Converts to the Well-Known Binary (WKB) representation of a Geometry.

The Well-Known Binary format is defined in the OGC Simple Features Specification for SQL.

The following limitations apply to WKB serialization:

  • linearrings will be converted to linestrings

  • a point with only NaN coordinates is converted to an empty point

  • for GEOS <= 3.7, empty points are always serialized to 3D if output_dimension=3, and to 2D if output_dimension=2

  • for GEOS == 3.8, empty points are always serialized to 2D

Parameters:
geometryGeometry or array_like
hexbool, default False

If true, export the WKB as a hexidecimal string. The default is to return a binary bytes object.

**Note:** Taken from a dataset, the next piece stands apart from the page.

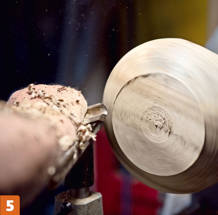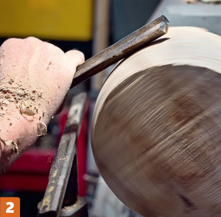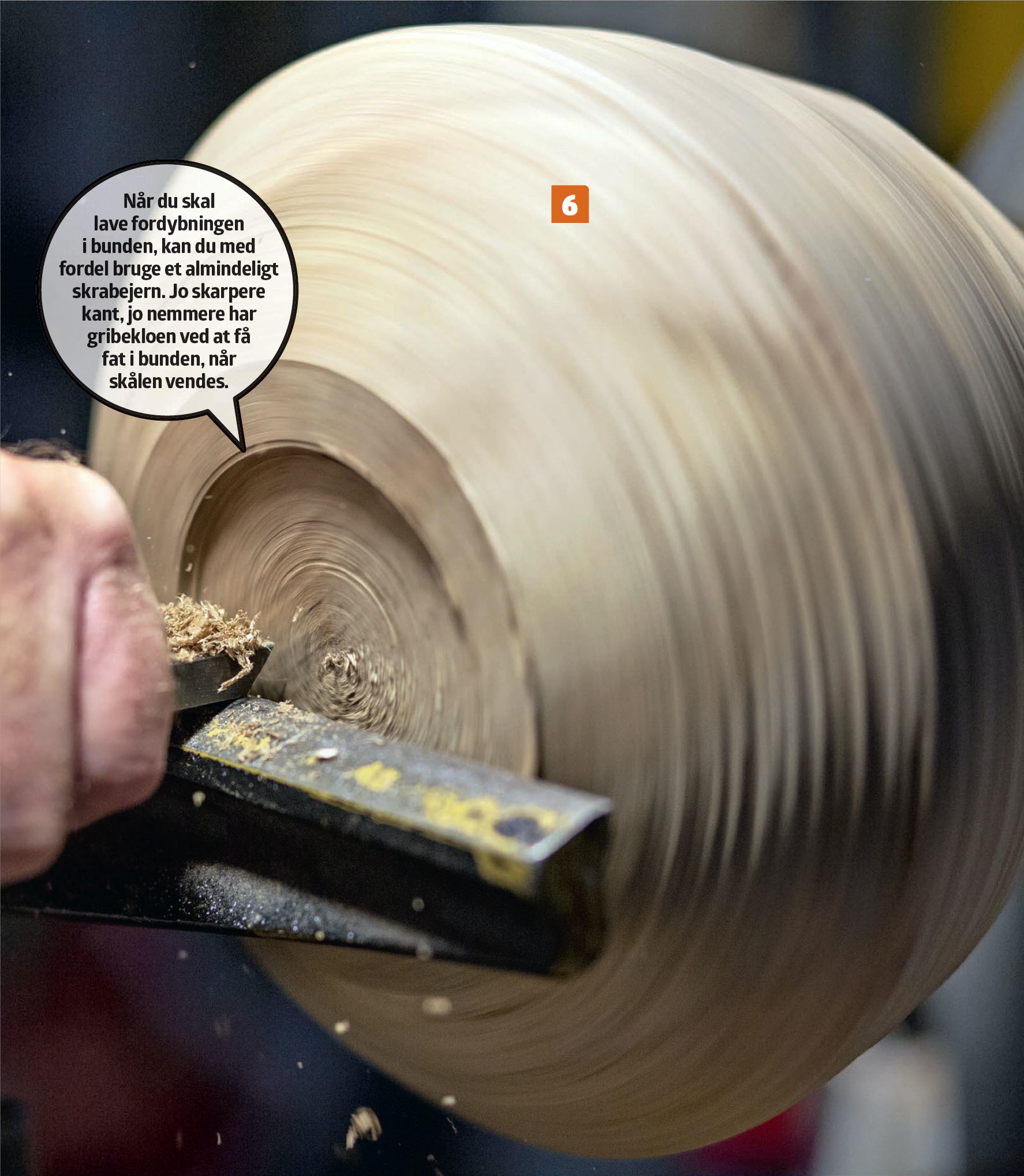 Nu handler det om at komme godt ud i skålens “hjørner”. Hvis træspånerne pakker sig inde i skålen, så du ikke kan se noget, er der ikke andet at gøre end at standse maskinen, fjerne spånerne og fortsætte.
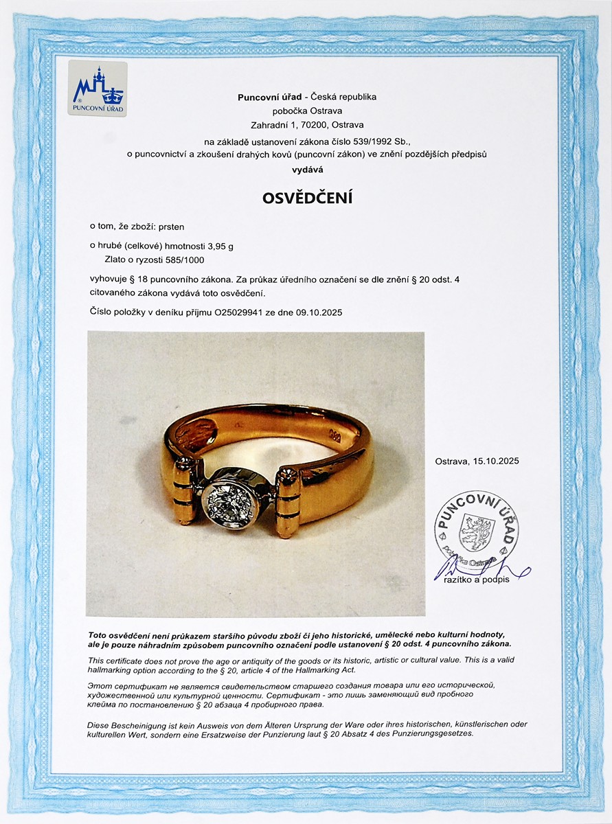 osvědčení Puncovního úřadu České republiky

output_dimensionint, default 3

The output dimension for the WKB. Supported values are 2 and 3. Specifying 3 means that up to 3 dimensions will be written but 2D geometries will still be represented as 2D in the WKB represenation.

byte_orderint, default -1

Defaults to native machine byte order (-1). Use 0 to force big endian and 1 for little endian.

include_sridbool, default False

If True, the SRID is be included in WKB (this is an extension to the OGC WKB specification). Not allowed when flavor is “iso”.

flavor{“iso”, “extended”}, default “extended”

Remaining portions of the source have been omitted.